■ Work instruction ■
There are pictures in the records below; leave them out and set down exactly the lines from the one holding "Thương hiệu Ucciyo" through the one holding "Juco tas Daily.".

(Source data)
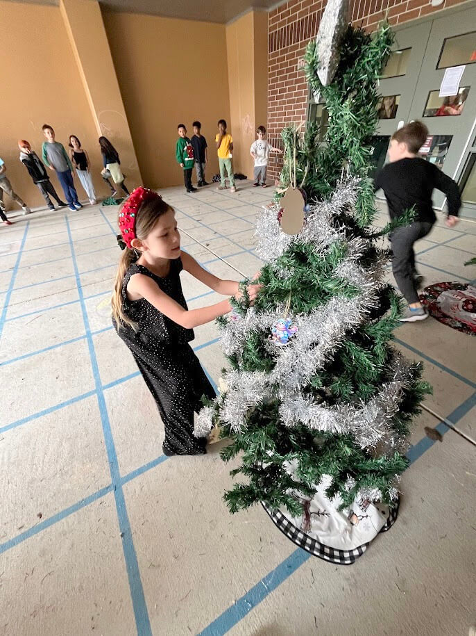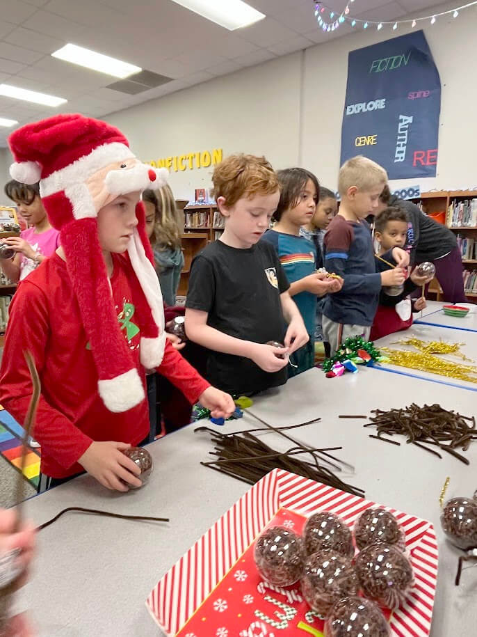 River Place Elementary hosted a Winter Party on December 16 complete with Christmas tree decorating relays, reindeer ornament-making, and a photo booth. RPE students also updated parents on their learning progress. Photos by Lynette Haaland
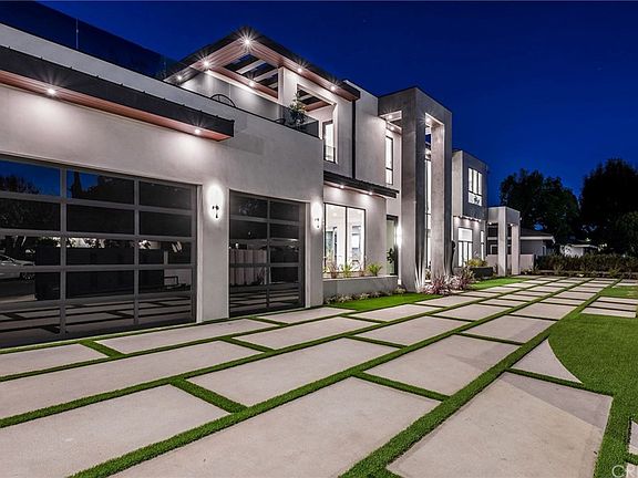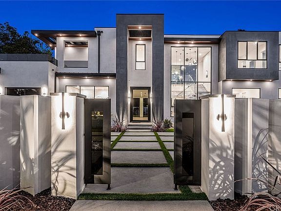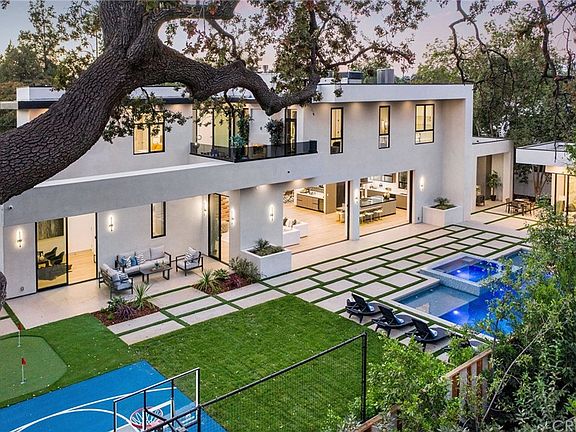 Introducing an Extraordinary Modern Luxury Estate perfectly encompassing the epitome of luxury and comfort set in the coveted Amestoy Estates of Encino. Immaculate open floor plan living blends with high end finishes throughout. This 2020 New Construction custom build extends 8,000 sqft of sophisticated design. The open floor plan allows for seamless flow from elegant dining room with glass walls into showcases designer Chef's kitchen equipped with top of the line appliances, custom glass cabinetry, large center island drops to a breakfast bar, office with separate entrance, en-suite Guest. As you enter to the second level you will be greeted by outdoor seating w/ fireplace. Inspiring master suite offers an oversized balcony overlooking to the backyard, spacious master closet w/ custom cabinetry. Resort-like master bath featuring large walk-in showers, double vanity, soaking tub. Additional 3 en-suites with private balcony. Basement level encapsulates entertainment at its finest with a theater room, game room w/serving bar, yoga room, dry sauna, gym, second powder room and guest bedroom. Floor to ceiling pocket doors lead to the captivating backyard including a sparkling pool & spa, BBQ area with bar, sport court, putting green and pool house with outdoor shower. You control this private and gates estate with one touch as smart home tech Impressive frontage with a driveway equipped to fit up to fifteen vehicles. Rare opportunity to own a home of this caliber!
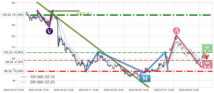 ♘ 阻力价格位105.22,可信任强度47.85%,距离最后交易2022-08-12 14:00形成的收盘价格98.39相差 +6.95%
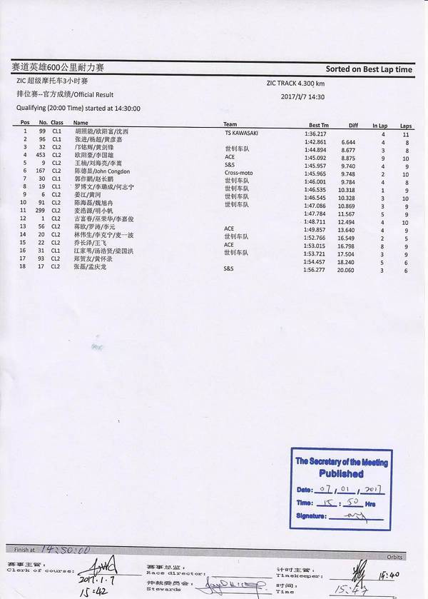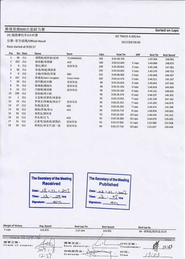 2017 ZIC超級(jí)摩托車3小時(shí)賽-官方成績(jī)
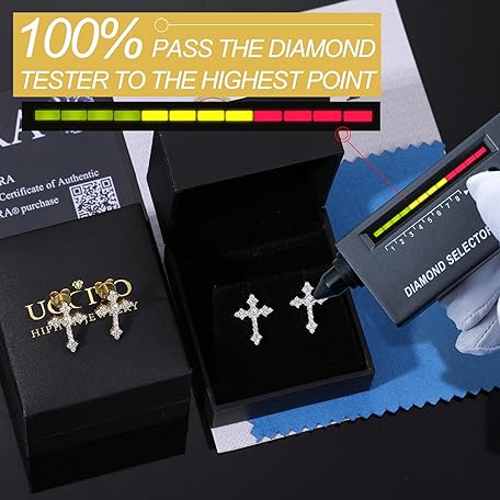Thương hiệu Ucciyo là cái tên nổi tiếng được rất nhiều khách hàng trên thế giới chọn lựa. Với kiểu dáng đẹp mắt, sang trọng, sản phẩm Moissanite Cross Earrings for Men Women, Sterling Silver Cross Stud Eearrings D Color VVSI Moissanite Stud Earrings Crucifix Jewelry Gift là sự lựa chọn hoàn hảo nếu bạn đang tìm mua một món cho riêng mình.
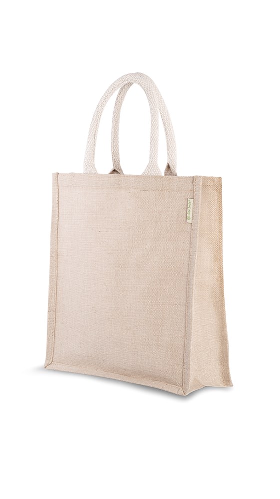 Juco tas Daily. Juco = 75% jute en 25% katoen. Luxe uitstraling. Voorzien van luxe gewatteerde katoenen hengsels. Bijzonder geschikt voor dagelijks gebruik.
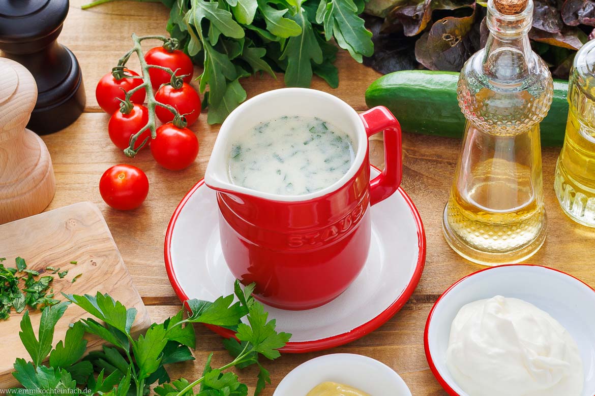 Den cremigen Salatsauce-Klassiker selber machen lohnt sich. Nicht nur wegen der ganzen überflüssigen Zusatzstoffe, Geschmacksverstärker und Verdickungsmittel, die bei Supermarkt-Produkten eingesetzt werden.
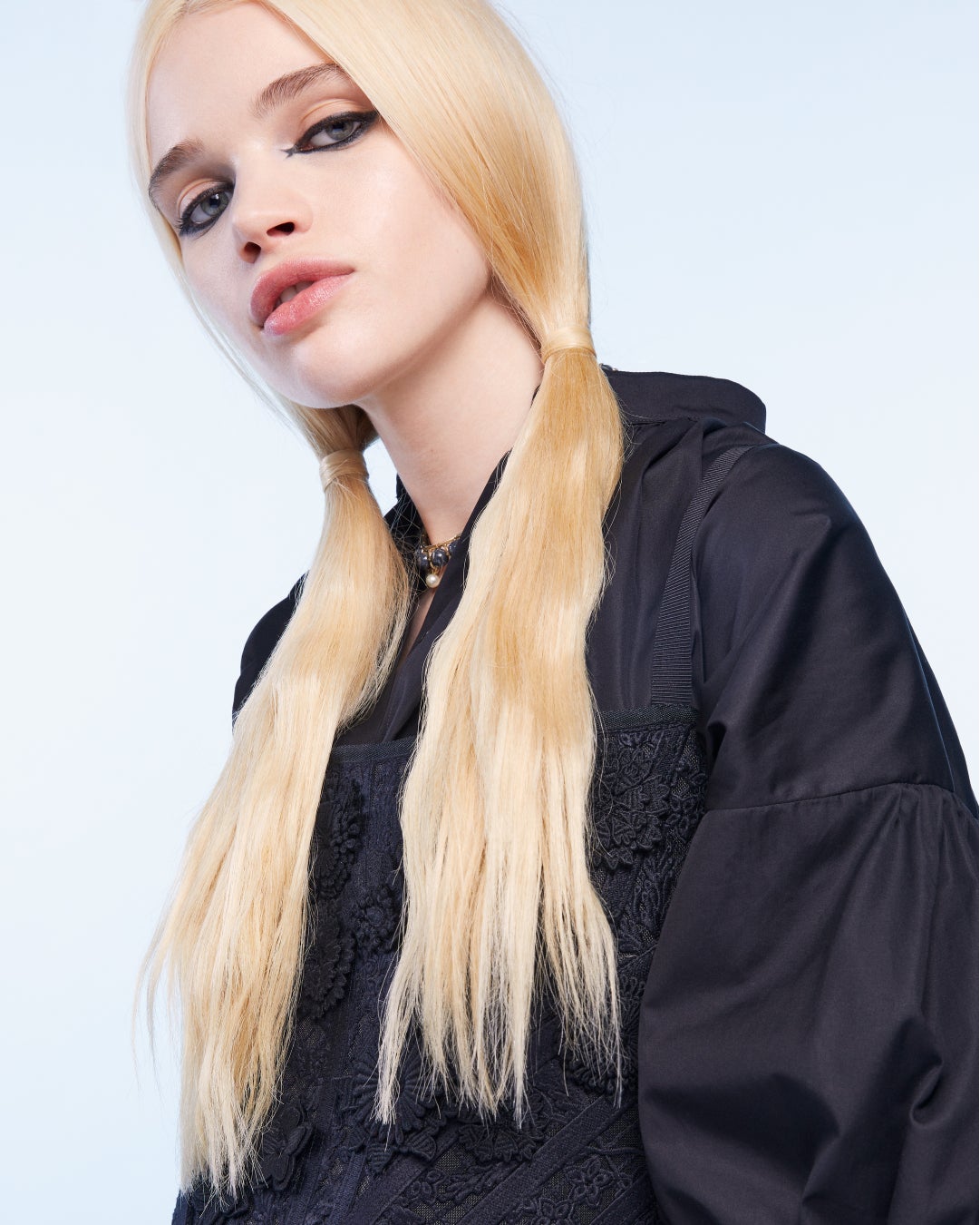 「まぶたの内側で交差する2本のラインで目元を強調し、パンクでシックなアクセントのルックを作りました」
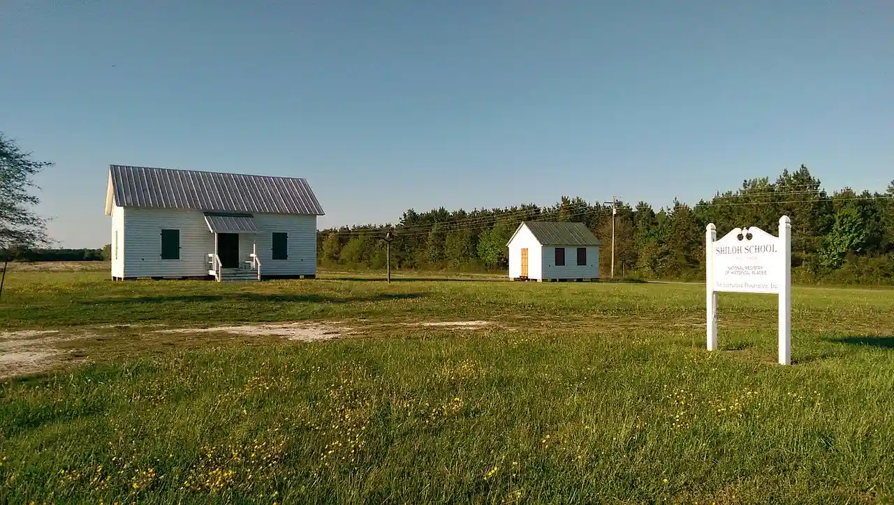 Shiloh School is a historic one-room school building located near Kilmarnock, Lancaster County, Virginia. It was built in 1906, and is a one-story, three-bay, simple frame building measuring 20 feet by 34 feet. It sits on a brick foundation and has a standing seam metal gable roof. Jessie Ball duPont (1884-1970) taught at the school in 1906–1907. It was used as a schoolhouse until 1929, and subsequently used for farm storage. and Accompanying photo Read more on Wikipedia
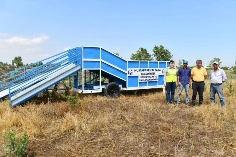 Kurban bayramının yaklaşması ile birlikte bit, pire, parazit, uyuz hastalığın küçükbaş hayvanlardan atılması, et veriminin arttırılması adına Mustafakemalpaşa Belediyesi Destek Hizmetleri Müdürlüğü personellerinin, kendi atölyelerinde ürettiği, koyun yıkama makinesi bayram öncesi ilgi görüyor.
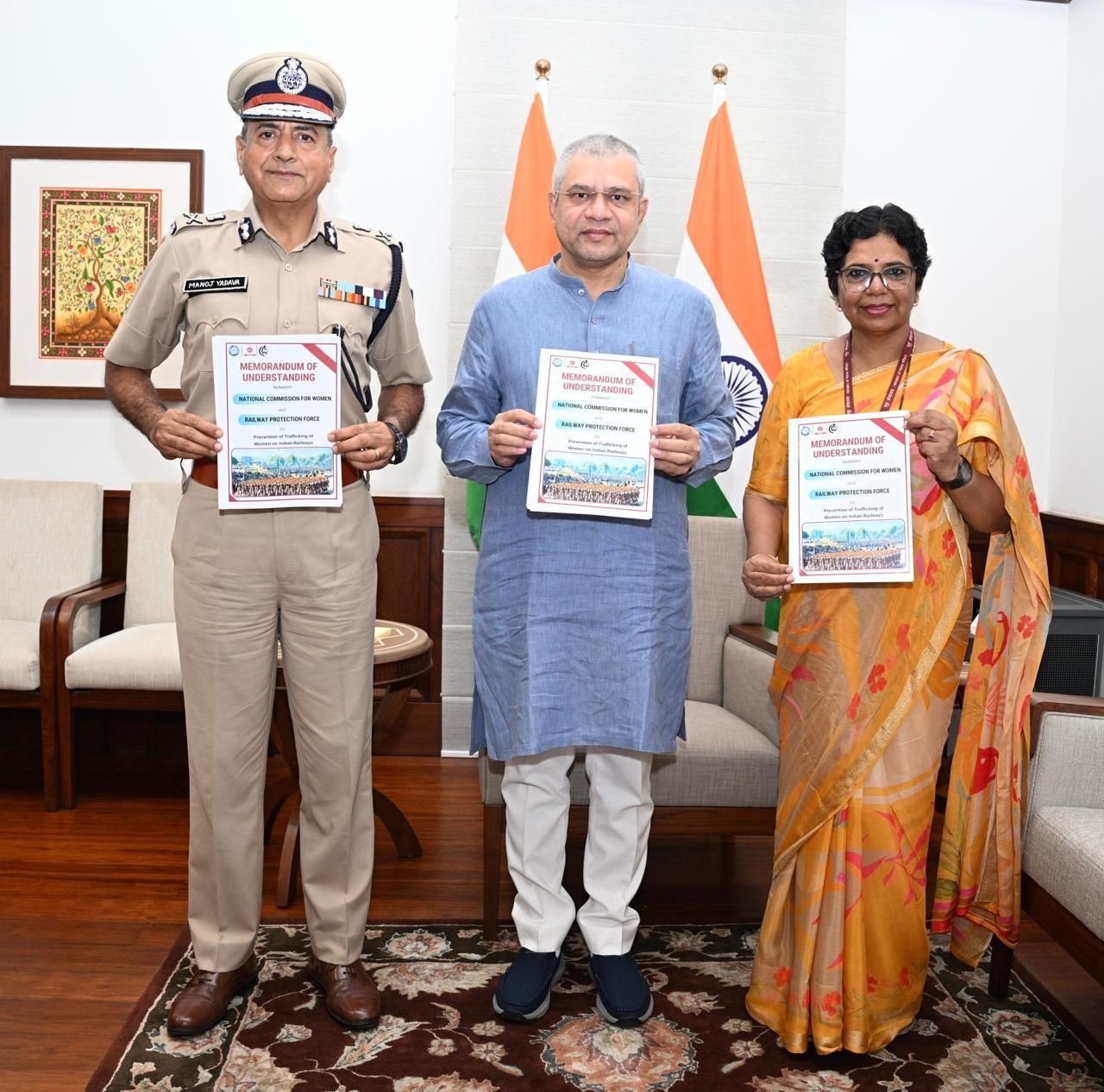यह एमओयू राष्ट्रीय महिला आयोग की उप सचिव श्रीमती शिवानी डे एवं रेलवे सुरक्षा बल के डीआईजी/प्रोजेक्ट्स एस. सुधाकर द्वारा हस्ताक्षरित किया गया। इस अवसर पर राष्ट्रीय महिला आयोग द्वारा तैयार की गई मानव तस्करी विरोधी एक विशेष पुस्तिका का भी विमोचन किया गया ।

■ Problem solution ■
Thương hiệu Ucciyo là cái tên nổi tiếng được rất nhiều khách hàng trên thế giới chọn lựa. Với kiểu dáng đẹp mắt, sang trọng, sản phẩm Moissanite Cross Earrings for Men Women, Sterling Silver Cross Stud Eearrings D Color VVSI Moissanite Stud Earrings Crucifix Jewelry Gift là sự lựa chọn hoàn hảo nếu bạn đang tìm mua một món cho riêng mình.
 Juco tas Daily. Juco = 75% jute en 25% katoen. Luxe uitstraling. Voorzien van luxe gewatteerde katoenen hengsels. Bijzonder geschikt voor dagelijks gebruik.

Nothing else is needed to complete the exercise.